After fulfillment of all necessary procedures regarding the protection of the plant variety the duration of protection takes thirty years for tree species and twenty five for the rest of them.
The First Owner of Intellectual Property Rights
In case when all necessary procedures are done and all corresponding demands are met, the first owner is considered to be the individual who created an intellectual property right. If you are a creator then you will be granted a copyright. In case when you are an inventor then you will be entitled to a patent. All trademarks and domain address ownership require registration.
The next refers to the labor relationship:
- An employee who created the work is considered to be the owner of the copyright and at the same time, such copyright is submitted to the employer to some certain extent specified in the labor agreement. For example, when the software was created within the period of a hire agreement in the process of carrying out professional duties or performance of contractual commitments the worker is granted ownership but it will be only the employer who will have the rights to use it.
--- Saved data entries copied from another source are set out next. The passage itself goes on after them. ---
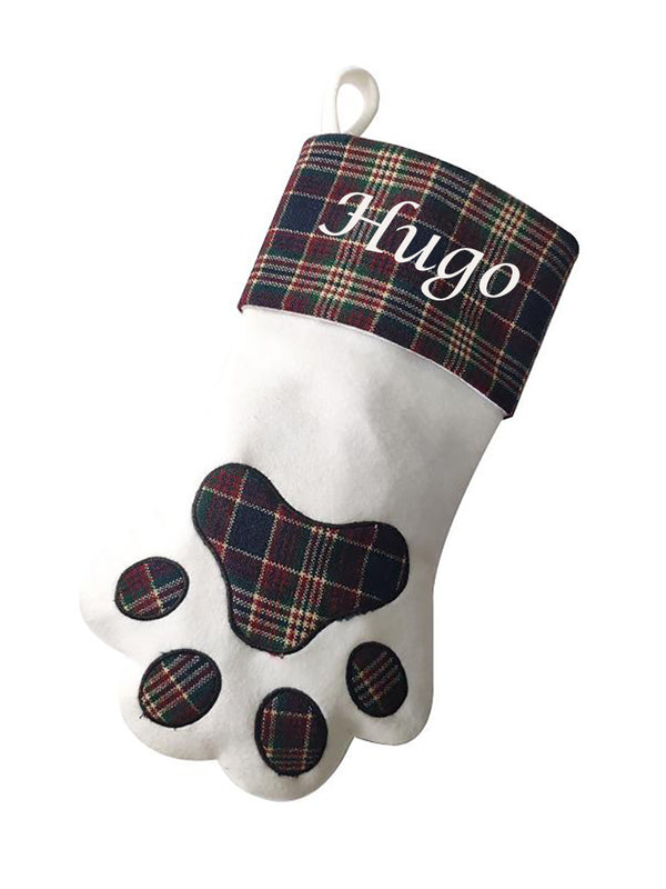 Personalised Christmas Dog Stocking Tartan Paw Design with Name
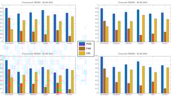 Subsequently, the POD, FAR and CSI indices were computed for the two flood events (see Section 3.5). It may be noted that a higher value of POD indicates larger number of grid cells, which are observed in the satellite image as flooded are also simulated as flooded (indicating good model performances). A lower value of FAR indicates smaller number of grid cells, which are observed in the satellite image as not flooded are identified as flooded in the simulation. The prediction skills are indicated by the CSI and a higher value indicates more grid cells are correctly identified as flooded or not flooded. As can be seen from Figure 10 the indices are comparable for both events. Overall, slightly better model performances are achieved (as expected) using the corrected TRMM. However, CSI values during the event in June 2012 (Event-1) are higher using uncorrected TRMM in Barpeta, Dhubri and the middle part of the river reach. For the event of September 2012 (Event-2) the indices obtained using the corrected TRMM are generally higher than the ones achieved with the uncorrected TRMM in all the 6 considered regions. It is also noticed that performance indices are generally higher during Event-1. This can be partly explained from the fact that the simulated discharge when compared to the observed discharge for Event-2 had larger error compared to that of Event-1. For Event-2 the simulated discharges at the chosen locations were less than actual and for that reason POD is less. Lower values of FAR for Event-2 can also be justified by this explanation. Therefore, the relatively low accuracy of the simulated inundation map for Event-2 was due to larger simulation errors in the hydrological model.
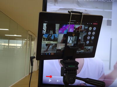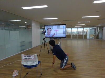 今日の3時間目。3年生教室横にある広い多目的室で、3年2組担任の山下先生がぽつんと一人で何かをされていました。よく見るとオンラインで自宅の子どもたちに向けた体育の授業中。タブレットの画面ごしにうつっている自宅学習の子どもたちも山下先生の指示にしたがい、ストレッチをしていました。
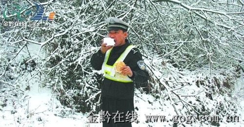在網(wǎng)上一組專題報(bào)道中,標(biāo)題為《貴州遵義交警抗凝凍,啃雪堅(jiān)守崗位》的系列照片,引起了網(wǎng)民關(guān)注。其中有交警在道路上設(shè)卡值勤,也有交警幫過往司機(jī)推車的情景,而一張交警“啃雪”吃面包的照片,尤其讓人印象深刻,至今已有1108條評(píng)論。記者注意到,照片中的交警臉被凍得通紅,他左手拿著面包,右手拿著一團(tuán)雪,正放在嘴里啃。
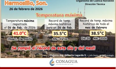Hermosillo, Sonora. La ciudad de Hermosillo registró este 26 de febrero una temperatura máxima de 41.0 grados centígrados, estableciendo un nuevo récord para esta fecha y...
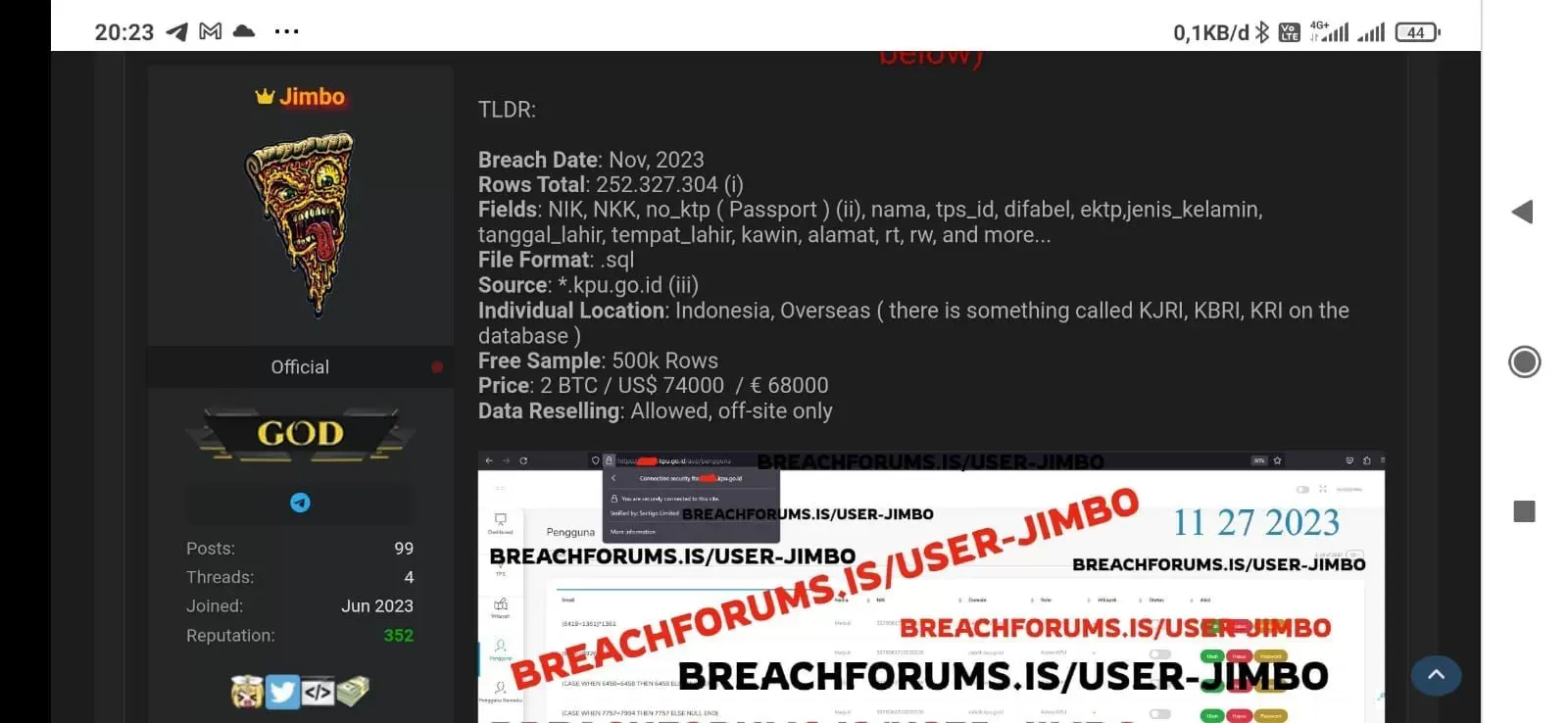 Jimbo mematok harga untuk 204 juta data warga Indonesia yang bocor tersebut sekitar USD 74000 atau sekitar Rp 1,1 miliar.
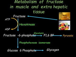This document discusses fructose metabolism in the liver and extrahepatic tissues. It notes that fructose is metabolized to fructose-1-phosphate in the liver by fructokinase and can then enter pathways like glycolysis, glycogen synthesis, or lipogenesis. In extrahepatic tissues, fructose is first phosphorylated to fructose-6-phosphate by hexokinase and can then be converted to glucose-6-phosphate and enter glycolysis. Excessive fructose consumption can lead to hypoglycemia, hyperuricemia, and increased fatty acid and cholesterol levels due to increased flux through these metabolic pathways. Rare genetic defects like hereditary fructose int
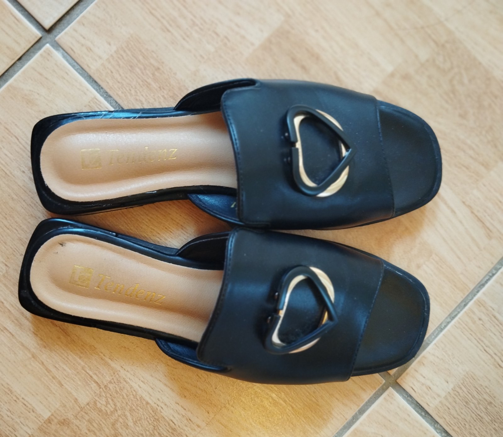 Letné nasúvačky...si zlatou aplikáciou v tvare srdca. Obuté jeden krát. výška opätku 2 cm.
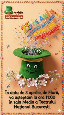 Spectacolul aniversar al Teatrului Naţional pentru copii Abracadabra va avea loc pe 5 aprilie 2026, de la ora 11.oo, în Sala Media. Dar toată luna aprilie, şi începând chiar din ultima duminică a lunii martie, copiii vor fi invitaţi la aniversarea Teatrului Naţional pentru Copii Abracadabra. Spiritul sărbătorii va fi prezent în fiecare din aceste spectacole.

- In the event when a design or an invention were created by the worker alone or together with other employees during the time of his or her working activity for the employer during the working hours and fulfilling his or her contractual commitments belong to the employer despite the fact if they are protected or not. Moreover, all employers are entitled to reserve the rights to obtain designs and inventions made by their respective employees during their working activity but not in fulfillment of his or her contractual commitments. In this case, the worker makes a corresponding notification to his or her employer in written form. After that, an employee is granted a separate and relevant remuneration.